▶ **About this exercise**:
Return the listing below unchanged, except that the pictures are dropped.

▶ **Listed entries**:

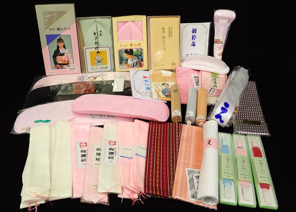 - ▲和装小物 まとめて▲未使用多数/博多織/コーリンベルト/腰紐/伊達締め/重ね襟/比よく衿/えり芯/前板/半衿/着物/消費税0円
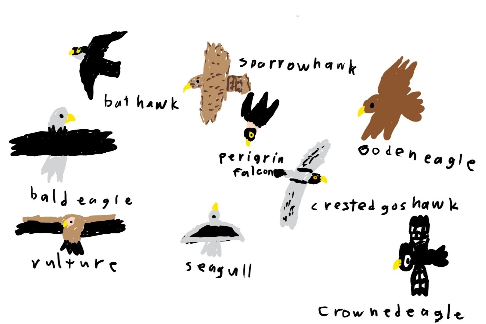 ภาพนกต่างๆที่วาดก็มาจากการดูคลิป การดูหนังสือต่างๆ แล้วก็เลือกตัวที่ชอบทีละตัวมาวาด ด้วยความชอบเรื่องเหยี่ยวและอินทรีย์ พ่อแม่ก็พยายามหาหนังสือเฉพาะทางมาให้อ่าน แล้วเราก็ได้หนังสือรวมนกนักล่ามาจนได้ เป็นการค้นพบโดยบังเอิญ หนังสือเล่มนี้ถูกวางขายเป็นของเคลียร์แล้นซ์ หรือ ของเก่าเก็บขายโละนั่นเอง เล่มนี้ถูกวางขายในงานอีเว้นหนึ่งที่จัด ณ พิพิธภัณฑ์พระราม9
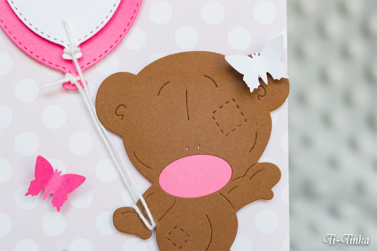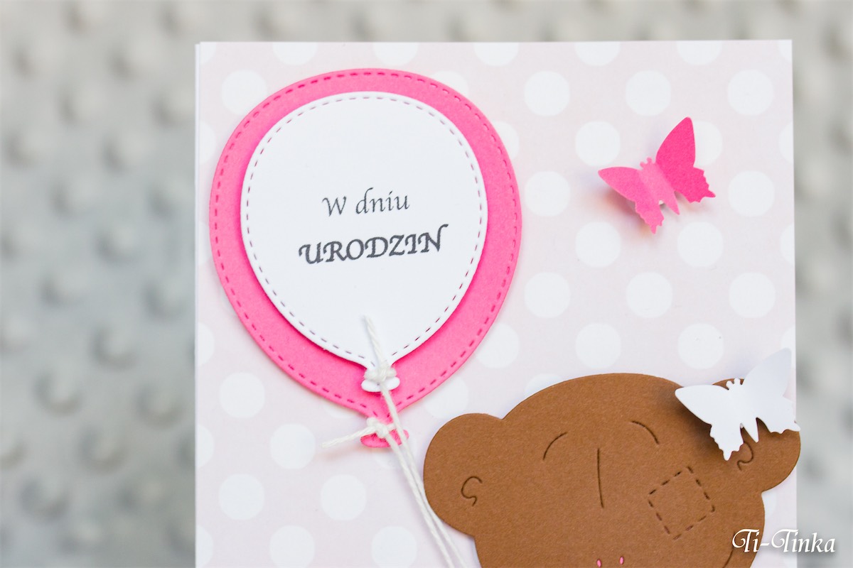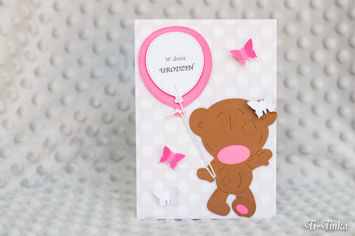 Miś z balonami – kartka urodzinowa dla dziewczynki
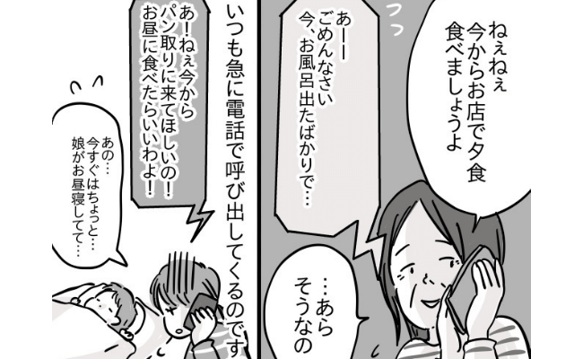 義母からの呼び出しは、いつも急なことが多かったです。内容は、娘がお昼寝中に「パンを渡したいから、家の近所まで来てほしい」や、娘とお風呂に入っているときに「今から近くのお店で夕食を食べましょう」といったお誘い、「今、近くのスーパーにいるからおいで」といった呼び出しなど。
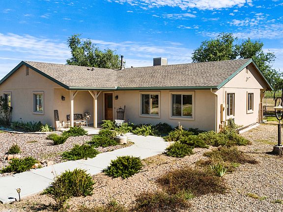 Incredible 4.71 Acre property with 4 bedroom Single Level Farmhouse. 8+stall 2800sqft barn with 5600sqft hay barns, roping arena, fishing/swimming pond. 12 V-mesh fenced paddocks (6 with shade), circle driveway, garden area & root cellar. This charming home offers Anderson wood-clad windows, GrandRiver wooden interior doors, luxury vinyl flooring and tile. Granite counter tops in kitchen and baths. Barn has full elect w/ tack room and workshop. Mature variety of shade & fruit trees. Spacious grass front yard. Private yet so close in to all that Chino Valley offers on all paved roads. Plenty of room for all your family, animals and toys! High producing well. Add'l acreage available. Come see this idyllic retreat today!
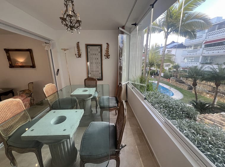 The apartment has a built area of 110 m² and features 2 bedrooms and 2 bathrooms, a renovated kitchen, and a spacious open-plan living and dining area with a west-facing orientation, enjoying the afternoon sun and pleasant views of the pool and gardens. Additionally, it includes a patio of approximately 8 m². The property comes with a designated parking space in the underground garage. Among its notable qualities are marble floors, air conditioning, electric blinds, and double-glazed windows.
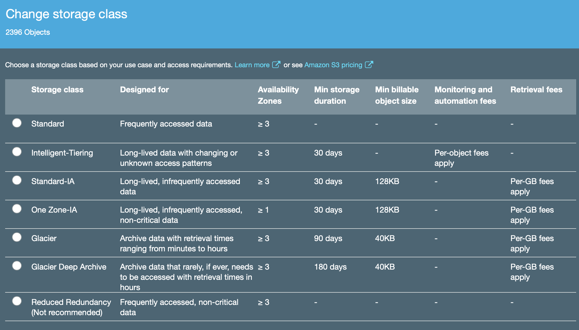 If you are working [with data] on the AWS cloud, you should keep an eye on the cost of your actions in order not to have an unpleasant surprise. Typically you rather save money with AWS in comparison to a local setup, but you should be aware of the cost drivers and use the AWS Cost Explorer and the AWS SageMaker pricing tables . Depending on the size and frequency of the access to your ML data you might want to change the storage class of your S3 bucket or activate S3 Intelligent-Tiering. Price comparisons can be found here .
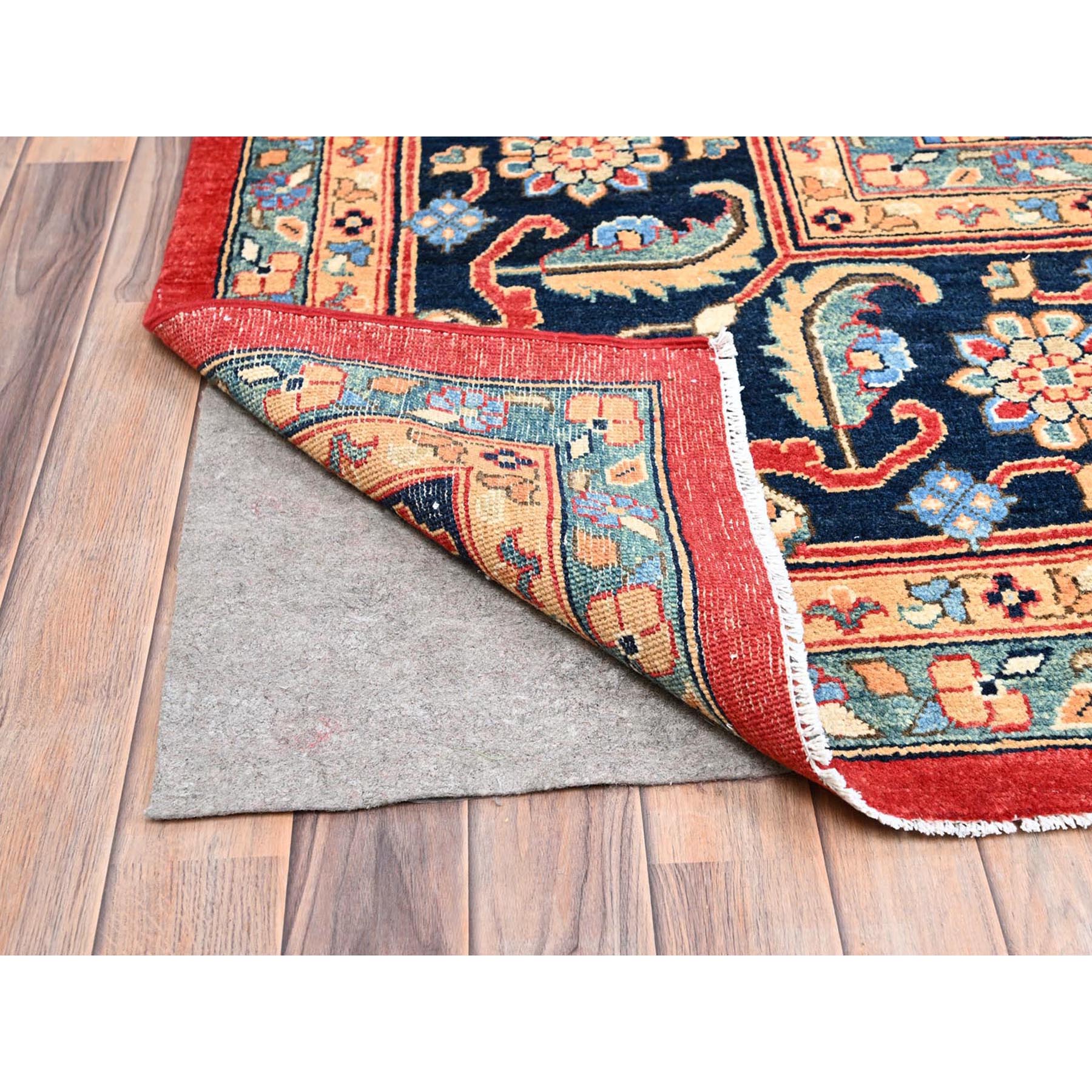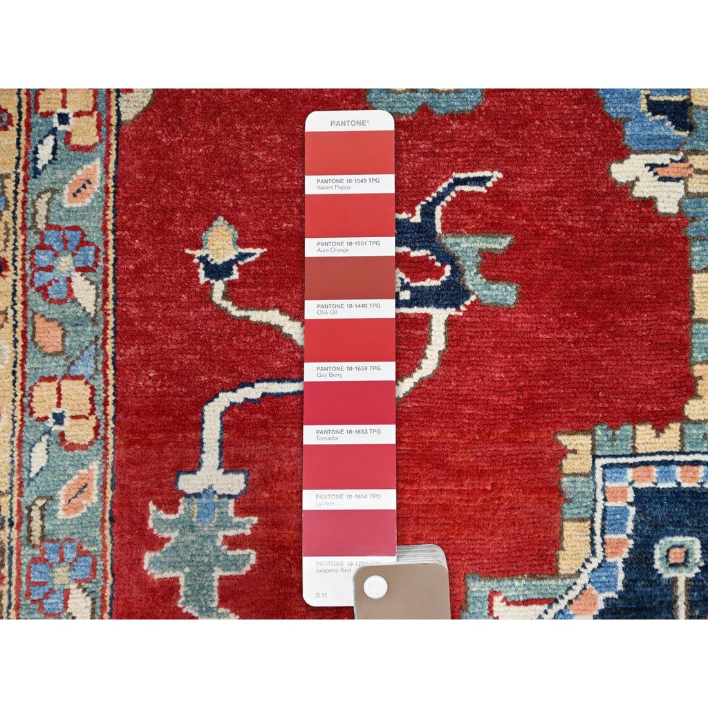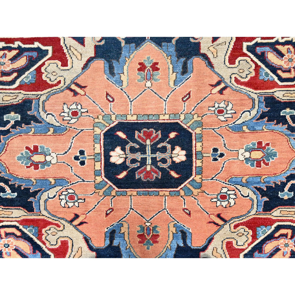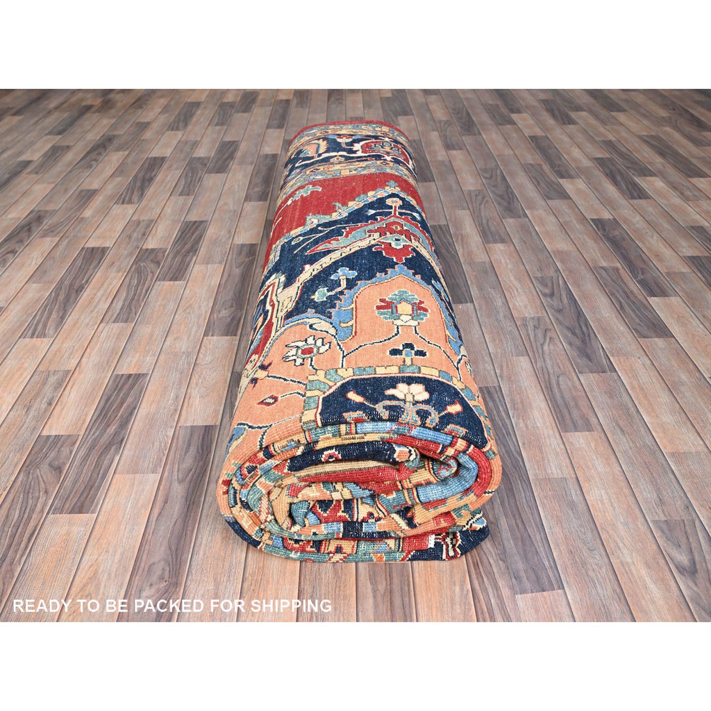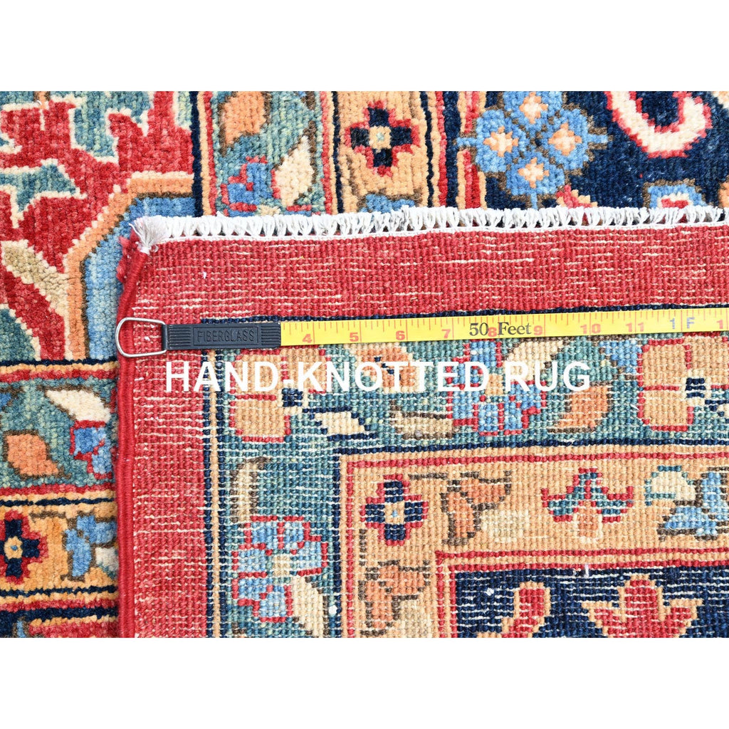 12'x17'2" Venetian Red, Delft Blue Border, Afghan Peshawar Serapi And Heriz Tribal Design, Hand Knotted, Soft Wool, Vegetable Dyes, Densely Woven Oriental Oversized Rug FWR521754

▶ **Response area**:
 - ▲和装小物 まとめて▲未使用多数/博多織/コーリンベルト/腰紐/伊達締め/重ね襟/比よく衿/えり芯/前板/半衿/着物/消費税0円
 ภาพนกต่างๆที่วาดก็มาจากการดูคลิป การดูหนังสือต่างๆ แล้วก็เลือกตัวที่ชอบทีละตัวมาวาด ด้วยความชอบเรื่องเหยี่ยวและอินทรีย์ พ่อแม่ก็พยายามหาหนังสือเฉพาะทางมาให้อ่าน แล้วเราก็ได้หนังสือรวมนกนักล่ามาจนได้ เป็นการค้นพบโดยบังเอิญ หนังสือเล่มนี้ถูกวางขายเป็นของเคลียร์แล้นซ์ หรือ ของเก่าเก็บขายโละนั่นเอง เล่มนี้ถูกวางขายในงานอีเว้นหนึ่งที่จัด ณ พิพิธภัณฑ์พระราม9
 Miś z balonami – kartka urodzinowa dla dziewczynki
 義母からの呼び出しは、いつも急なことが多かったです。内容は、娘がお昼寝中に「パンを渡したいから、家の近所まで来てほしい」や、娘とお風呂に入っているときに「今から近くのお店で夕食を食べましょう」といったお誘い、「今、近くのスーパーにいるからおいで」といった呼び出しなど。
 Incredible 4.71 Acre property with 4 bedroom Single Level Farmhouse. 8+stall 2800sqft barn with 5600sqft hay barns, roping arena, fishing/swimming pond. 12 V-mesh fenced paddocks (6 with shade), circle driveway, garden area & root cellar. This charming home offers Anderson wood-clad windows, GrandRiver wooden interior doors, luxury vinyl flooring and tile. Granite counter tops in kitchen and baths. Barn has full elect w/ tack room and workshop. Mature variety of shade & fruit trees. Spacious grass front yard. Private yet so close in to all that Chino Valley offers on all paved roads. Plenty of room for all your family, animals and toys! High producing well. Add'l acreage available. Come see this idyllic retreat today!
 The apartment has a built area of 110 m² and features 2 bedrooms and 2 bathrooms, a renovated kitchen, and a spacious open-plan living and dining area with a west-facing orientation, enjoying the afternoon sun and pleasant views of the pool and gardens. Additionally, it includes a patio of approximately 8 m². The property comes with a designated parking space in the underground garage. Among its notable qualities are marble floors, air conditioning, electric blinds, and double-glazed windows.
 If you are working [with data] on the AWS cloud, you should keep an eye on the cost of your actions in order not to have an unpleasant surprise. Typically you rather save money with AWS in comparison to a local setup, but you should be aware of the cost drivers and use the AWS Cost Explorer and the AWS SageMaker pricing tables . Depending on the size and frequency of the access to your ML data you might want to change the storage class of your S3 bucket or activate S3 Intelligent-Tiering. Price comparisons can be found here .
 12'x17'2" Venetian Red, Delft Blue Border, Afghan Peshawar Serapi And Heriz Tribal Design, Hand Knotted, Soft Wool, Vegetable Dyes, Densely Woven Oriental Oversized Rug FWR521754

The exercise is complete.